For .Net Web forms (I am assuming web, since you didn't say thick or web client) which is not MVC, it was a nightmare maintaining them. Web Forms applications that lived more that a couple years tended to become big balls of mud. Even then developers discovered ways to use MVC with web forms.
Ironically, the lack of MVC architecture in ASP.NET web forms was one of the driving complaints that lead to the development of ASP.Net MVC framework.
From experience if you don't use some MVCesk approach, your solutions become hard to maintain and bloated. These applications will die a slow painful death.
If your solutions are small one-off projects, the by all means throw something together. Heck there are tools that will generate everything from the screens to the data access layer. Whatever works to get the job done.

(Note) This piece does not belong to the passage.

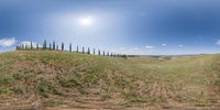 A panoramic view of a lone field in Tuscany, Italy. The rugged landscape showcases the beauty of the European countryside. Lush green grass and trees contrast against the clear sky. A serene natural environment.

Classic CRUD apps built using tools like VB6 and Delphi have user interfaces, persistent storage and don't use MVC. Most of them used data aware controls linked directly to database fields
Couple of links comparing various MV* patterns which might be useful:WPF patterns : MVC, MVP or MVVM or…? & MVC, MVP and MVVM
Look into MVP model view presenter.
User interface is View and an application will always have a model and the bridge between the two is Controller. The whole MVC is nothing special as this is how the things will be always.
At the most you can get rid of Controller and have your view talk to your model but you loose the flexibility.
I've developed an alternative to ASP.NET MVC. You get the same loose coupling and separation of concerns but the difference is in how you go about building your projects.
I have a couple of videos on my blog, source code for the framework, a sample project and a few VS.NET add-ins (New Project item, New Builder and New View).
Builder for ASP.NET
Some key differentiating Features are
1. Templates are just html - no code mixed with templates
2. Templates are thus reusable across views and Web site designers can design templates in their design tool of choice
3. Strongly typed code (no ViewData and stuff) so you get intillisense, compile time checking, F12 navigation etc.
4. You build pages as compositions of views rather than an inside-out approach
5. View can be treated as "real" classes.
6. Everything is complied so no run-time compilation
Quite a few other differentiating factors as well.
In theory :
MVC is a proved technology and yada-yada-yada, and it is ideal for websites.
But in a real case:
A serious project that use MVC required a framework, hence you are following a framework with all their limiting and restrictions. So, at this point, the specific implementation of MVC is rule and not a simple "guideline".
Also MVC fail miserably for websites when it is about to connect to the model other than simple POST/GET, it fail with xml asynchronism and it fail with ajax. (*)
(*) exist some patch but a design must be clear and functional and if you need to "patch it" then it is neither clear nor functional.
Personally i think that the main problem with MVC is that it put so much effort in the Controller, where most project use not more that 5 lines for the controller part.
ps: Most "well done" MVC projects are 3-tier project.
ps2: MVC excluding some framework, is just a buzzterm, IS NOT A SERIOUS TERMINOLOGY and it is reflexed in the group of "interpretation of mvc".